• [Task to complete]: For the entries that follow, retype exactly the lines from the one containing "Konferenčný stolík Reni" to the one containing "uploaded by Fæ |", inclusive, and only those. Images stay out of the copy.

• [Stored data]:
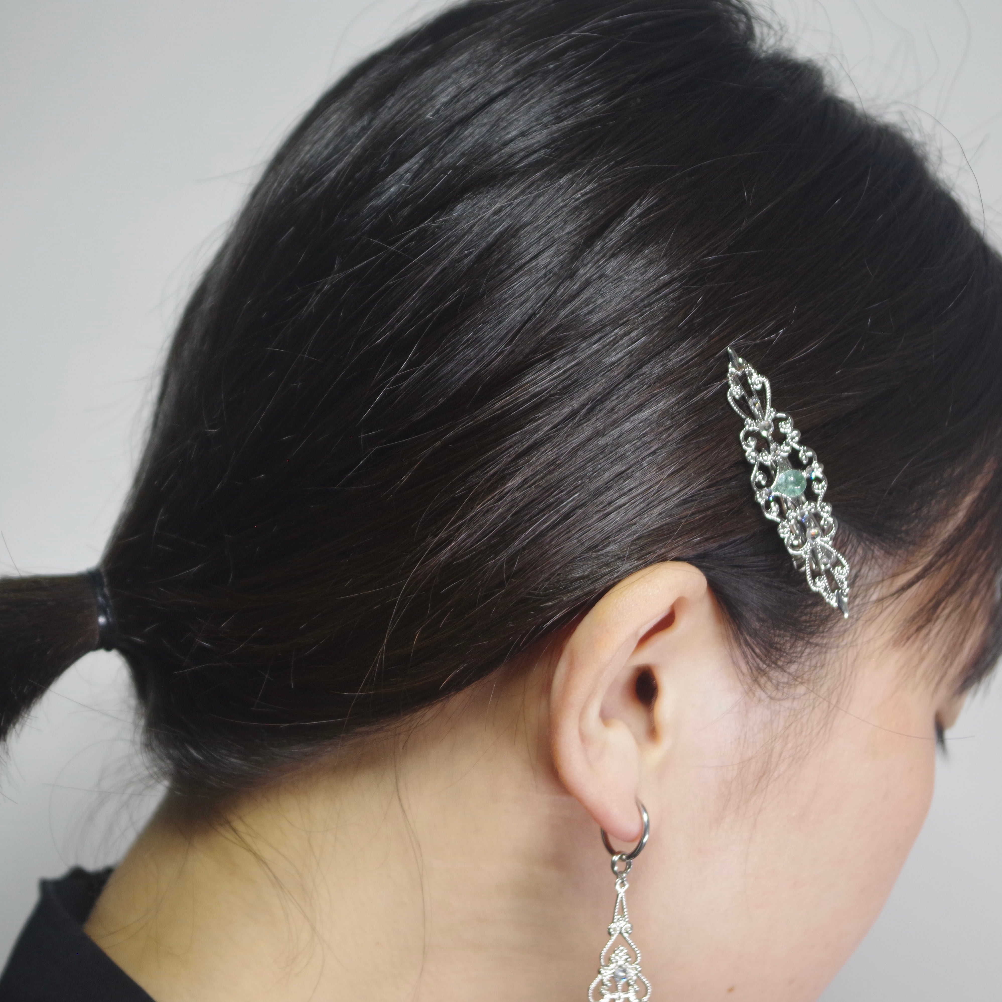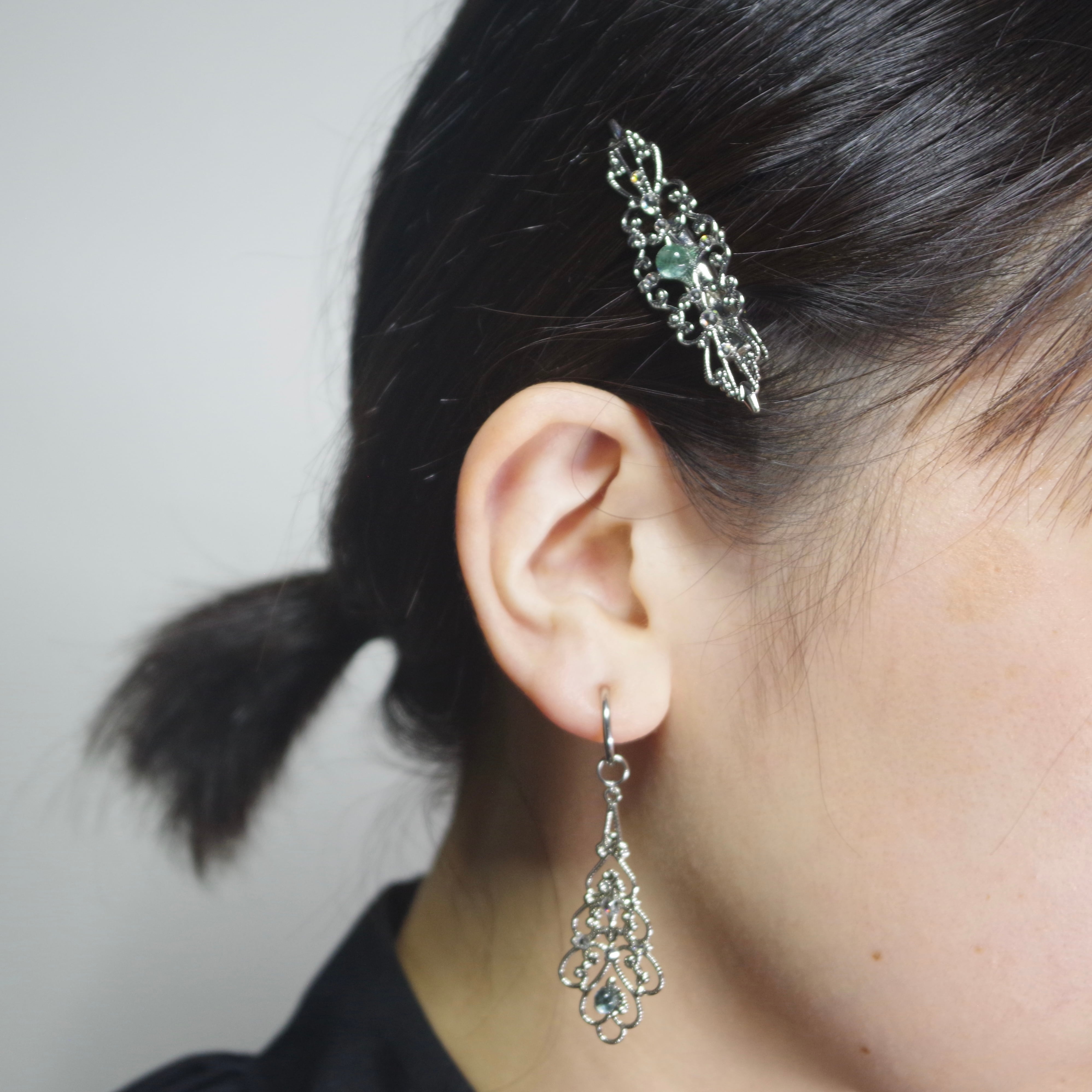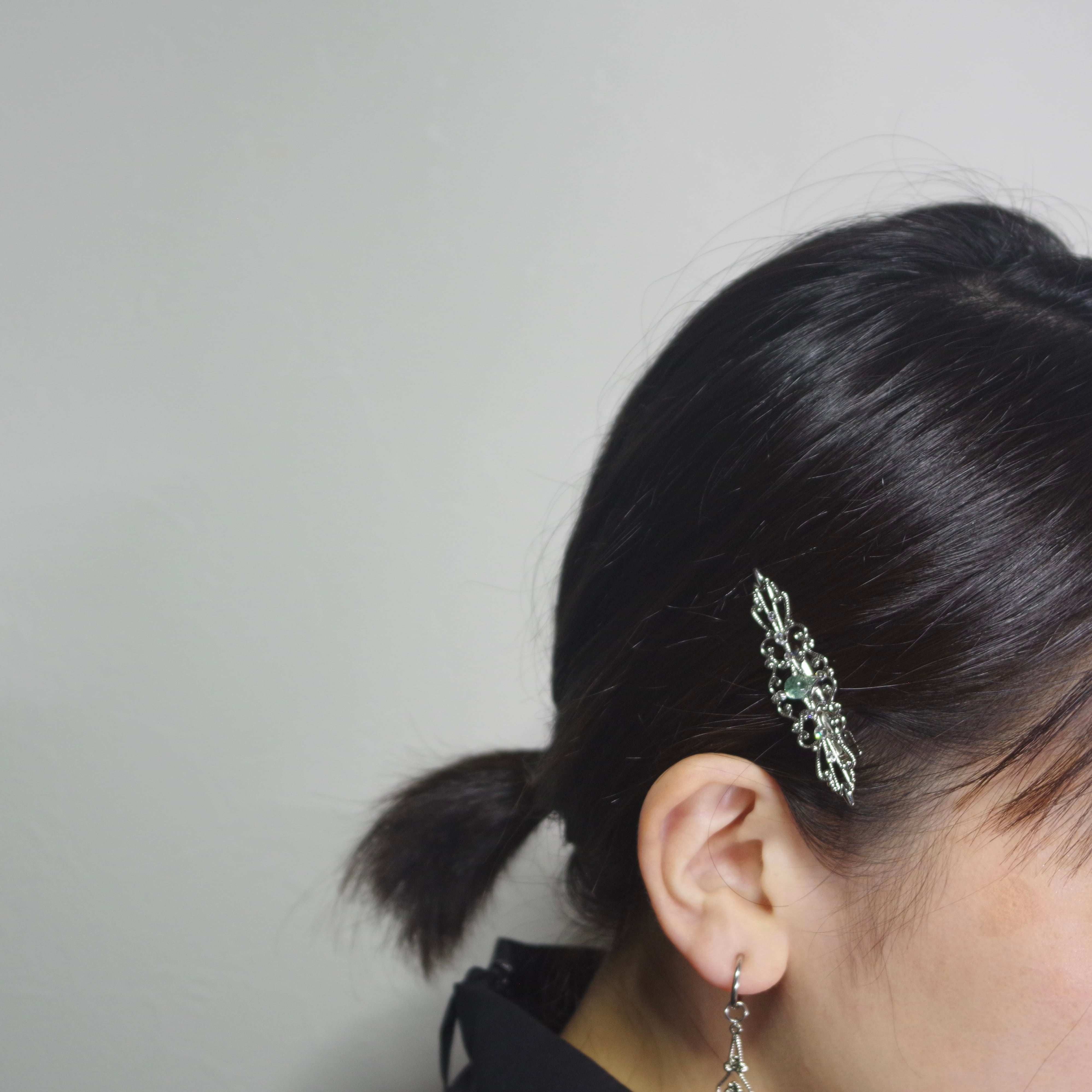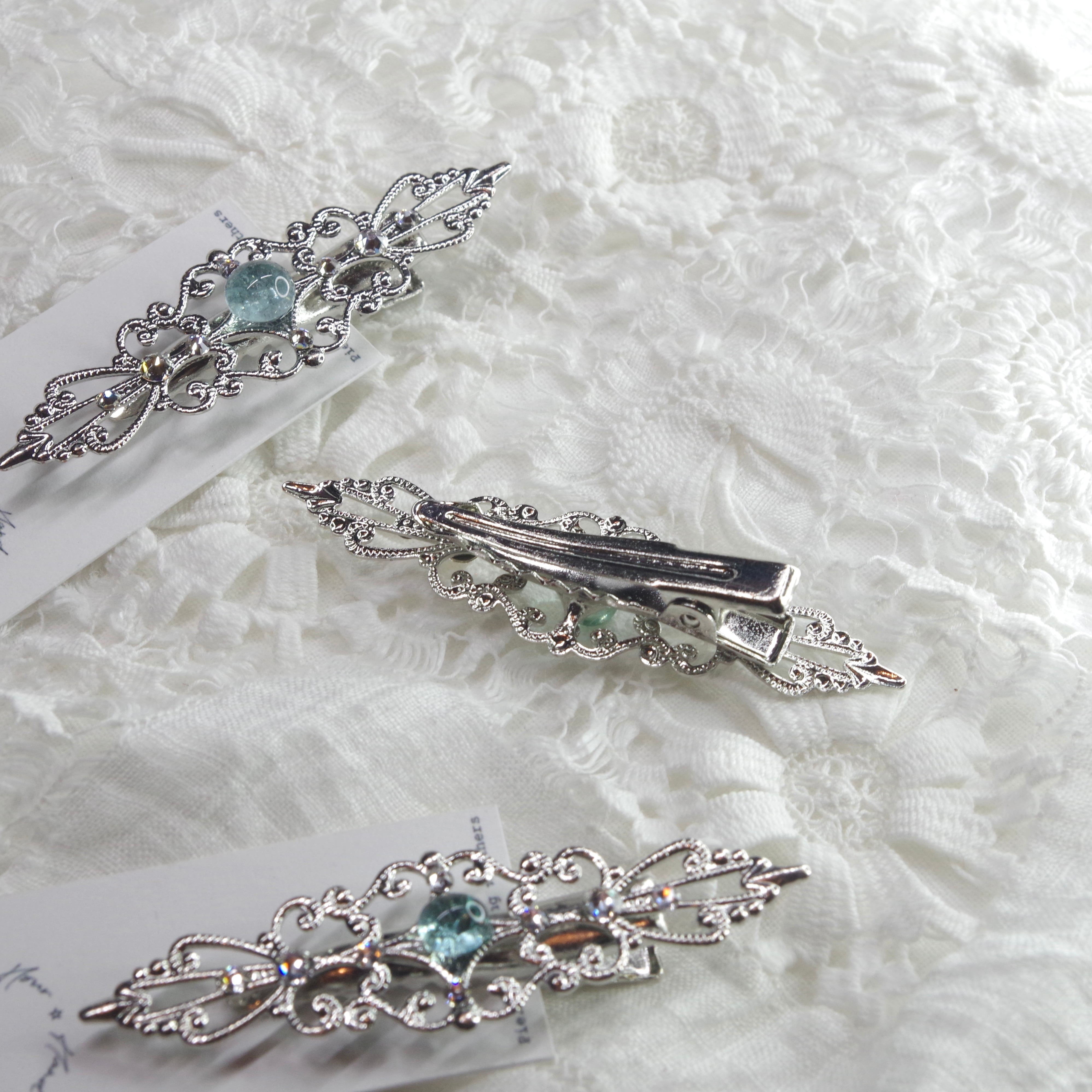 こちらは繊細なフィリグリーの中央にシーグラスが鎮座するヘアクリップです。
...
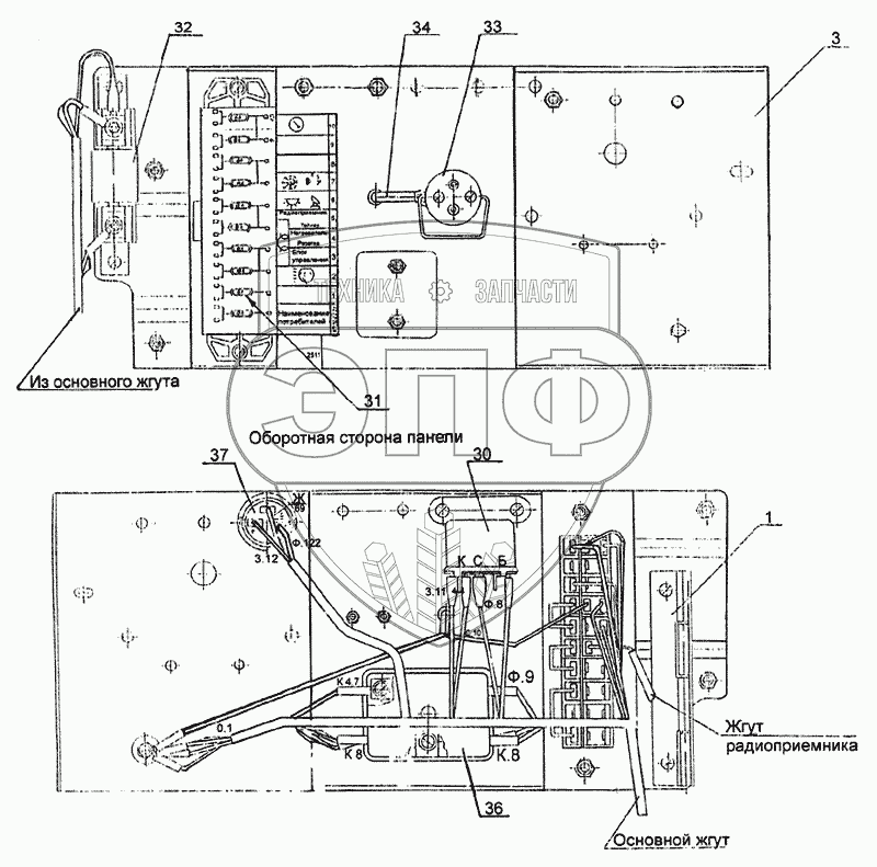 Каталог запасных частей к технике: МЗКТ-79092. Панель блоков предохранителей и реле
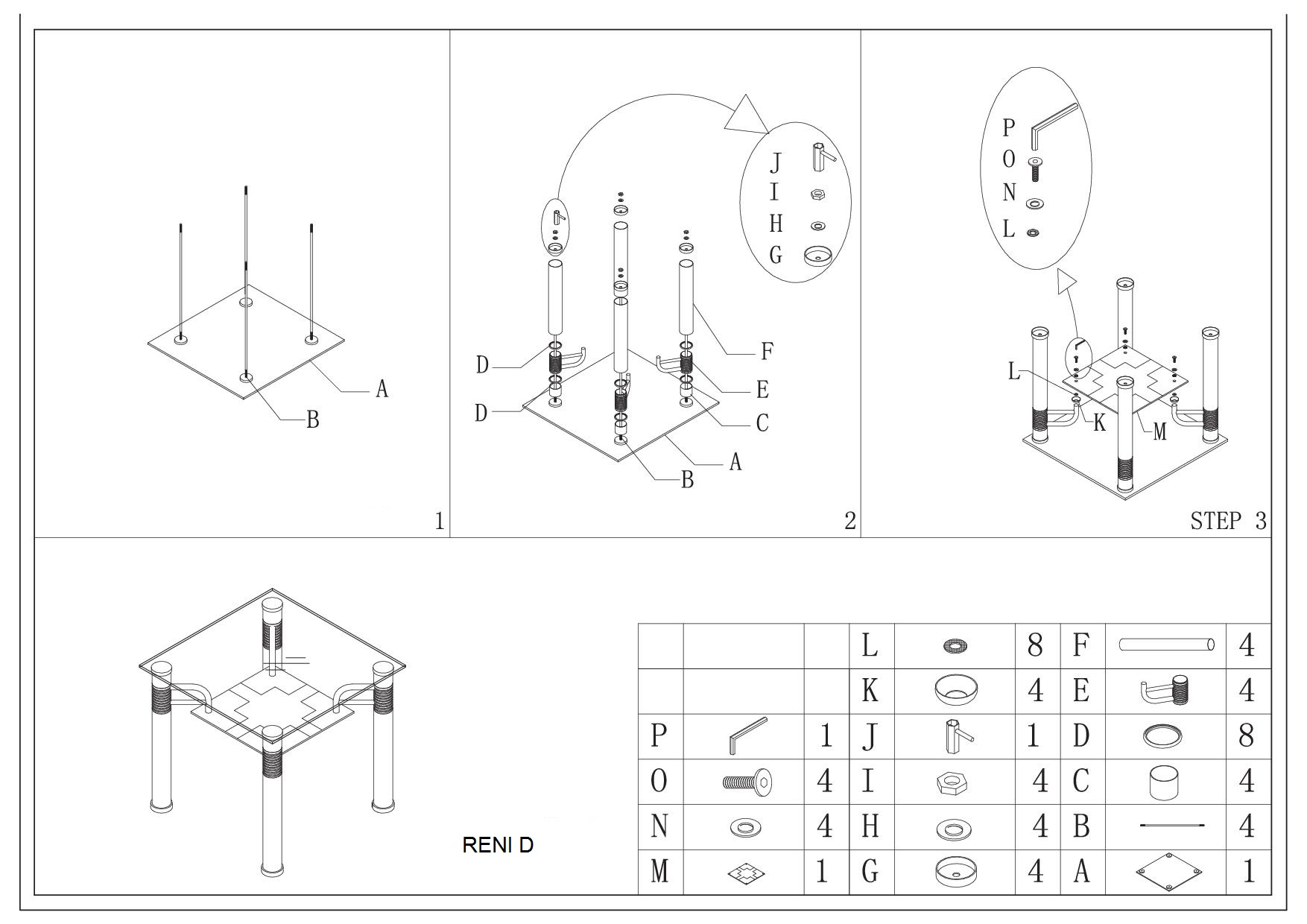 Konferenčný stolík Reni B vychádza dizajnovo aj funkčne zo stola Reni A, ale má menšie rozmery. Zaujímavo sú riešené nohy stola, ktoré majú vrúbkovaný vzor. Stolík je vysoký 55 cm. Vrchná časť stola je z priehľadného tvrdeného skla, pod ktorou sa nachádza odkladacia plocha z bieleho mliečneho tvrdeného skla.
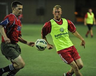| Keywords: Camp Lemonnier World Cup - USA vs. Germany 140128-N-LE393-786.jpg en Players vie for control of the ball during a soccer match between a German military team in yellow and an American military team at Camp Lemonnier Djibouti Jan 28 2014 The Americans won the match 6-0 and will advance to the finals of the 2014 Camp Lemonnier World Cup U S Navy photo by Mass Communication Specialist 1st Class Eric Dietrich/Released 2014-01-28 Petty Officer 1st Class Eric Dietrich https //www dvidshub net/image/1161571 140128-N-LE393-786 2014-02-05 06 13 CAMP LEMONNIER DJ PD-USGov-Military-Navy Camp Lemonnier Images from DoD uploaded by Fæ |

• [Result of this task]:
 Konferenčný stolík Reni B vychádza dizajnovo aj funkčne zo stola Reni A, ale má menšie rozmery. Zaujímavo sú riešené nohy stola, ktoré majú vrúbkovaný vzor. Stolík je vysoký 55 cm. Vrchná časť stola je z priehľadného tvrdeného skla, pod ktorou sa nachádza odkladacia plocha z bieleho mliečneho tvrdeného skla.
| Keywords: Camp Lemonnier World Cup - USA vs. Germany 140128-N-LE393-786.jpg en Players vie for control of the ball during a soccer match between a German military team in yellow and an American military team at Camp Lemonnier Djibouti Jan 28 2014 The Americans won the match 6-0 and will advance to the finals of the 2014 Camp Lemonnier World Cup U S Navy photo by Mass Communication Specialist 1st Class Eric Dietrich/Released 2014-01-28 Petty Officer 1st Class Eric Dietrich https //www dvidshub net/image/1161571 140128-N-LE393-786 2014-02-05 06 13 CAMP LEMONNIER DJ PD-USGov-Military-Navy Camp Lemonnier Images from DoD uploaded by Fæ |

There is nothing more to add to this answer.